## [Action item]
Restate the data below word for word. Leave the images out.

## [Data section]
|---|
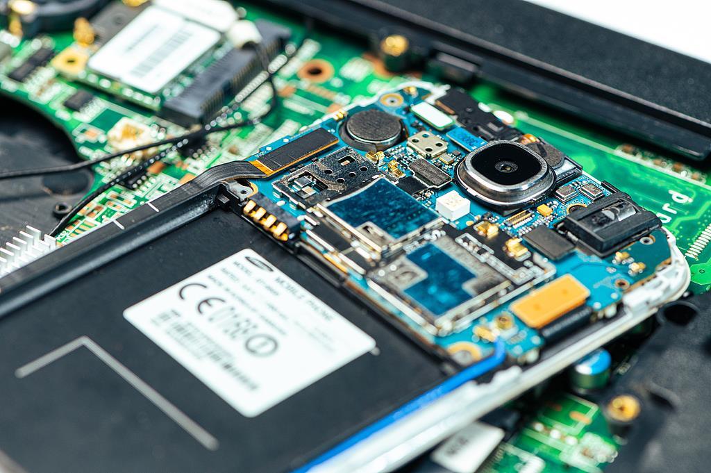拆解后的芯片、电子元器件等
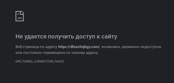Далее при переходе по ссылке на сайт Dfeavitojkgy com возникла ошибка. Как только мы зашли на страницу, получили следующее предупреждение — «Не удается получить доступ к сайту. Веб-страница по адресу, возможно, временно недоступна или постоянно перемещена по новому адресу. ERR_TUNNEL_CONNECTION_FAILED».
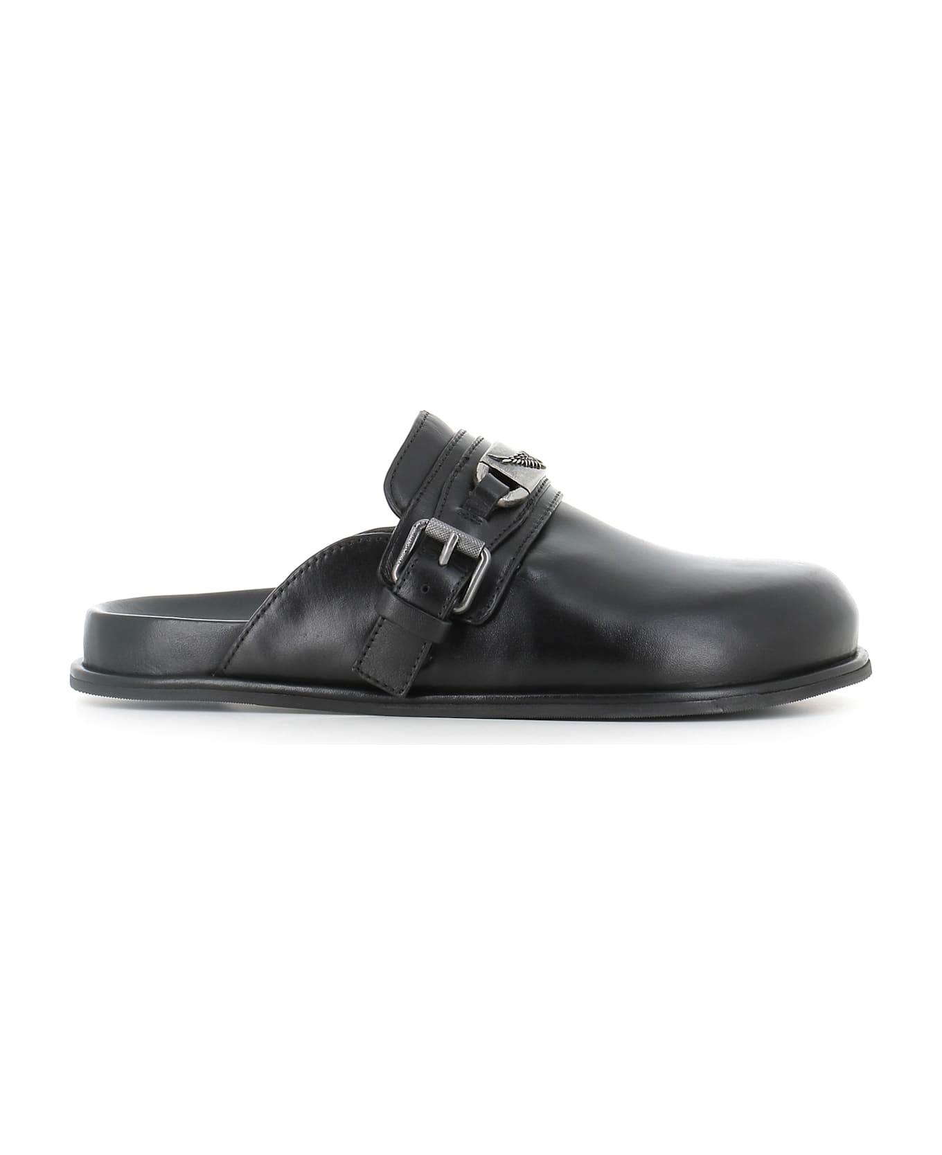 Black leather women's Sabot by Zadig & Voltaire, featuring by Silver plate with wings logo and a decorative buckle. Rubber sole. Lined interior. Heel: 3 cm
|---|
## [Response to this exercise]
拆解后的芯片、电子元器件等
Далее при переходе по ссылке на сайт Dfeavitojkgy com возникла ошибка. Как только мы зашли на страницу, получили следующее предупреждение — «Не удается получить доступ к сайту. Веб-страница по адресу, возможно, временно недоступна или постоянно перемещена по новому адресу. ERR_TUNNEL_CONNECTION_FAILED».
 Black leather women's Sabot by Zadig & Voltaire, featuring by Silver plate with wings logo and a decorative buckle. Rubber sole. Lined interior. Heel: 3 cm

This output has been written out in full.